You are nervous, you’ve noticed, but you haven’t got any drugs to help with that, and visiting an unethical psychiatrist in order to acquire a prescription for those drugs would have a negative effect on your ability to obtain health insurance, should you ever feel inclined to do so. You sit on the edge of your bed, feet firmly planted on the floor. You are attempting to ground yourself, so as to move through the nervousness and enter a calm reality. The floor is cold, though, and it is physically painful to keep the sensitive soles of your bare feet flat upon the surface of the freezing floor. You begin to bounce your feet up and down rapidly, and because you had been leaning your elbows on your knees, and resting your head in your hands, the rest of your body shakes along with your bouncing feet. You allow a noise to escape from your mouth – a hum of sorts – and the shaking effects the hum as well. With your eyes fixed on an arbitrary spot on the wall, your feet bouncing on the freezing floor, your elbows jerking up and down with the bounce of your knees, your head wobbling along with the rest of your body, and this jittery, moaning, staccato hum escaping your mouth, you appear to any voyeurs looking through your window to be something of a dunce.
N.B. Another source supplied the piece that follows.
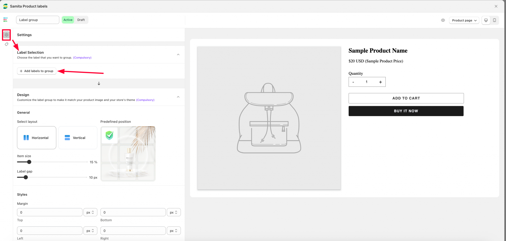 **Label Group feature** allows you to apply **3 to 4 labels** in a product and make them align in a vertical/horizontal way. To better understand how to do it, kindly follow this document:&#x20;

Your second grade teacher called you a dunce on a number of occasions. She called you a halfwit, a birdbrain, a cretin, a lummox, and a dunce. But she always did it while she was smiling, so maybe she was just fucking with you. “That’s a lovely cornucopia you’re drawing, you little cretin,” she told you the week of Thanksgiving. You looked up from your tiny desk, and your teacher grinned, bearing her teeth through her poorly applied red lipstick. You hadn’t wanted to draw the cornucopia – this assignment was just part of the second grade curriculum, and you weren’t one to cause waves in class. What the fuck was a cornucopia, anyway? Your family didn’t have one of these things in the center of the table during Thanksgiving. Drawing the food overflowing from the cornucopia made you hungry, and being hungry made you feel nervous, because it was the middle of the day, nowhere near the times set aside for meals, and when you were caught sneaking food between meals, your overweight teenaged babysitter called you a “little piggy” and made snorting noises at you for no fewer than five minutes, though this derision frequently stretched to as long as twenty minutes when the babysitter was in one of her moods. Once, you had the nerve to respond to her – “But aren’t you fat?” – and she threw an open can of Pepsi at your face.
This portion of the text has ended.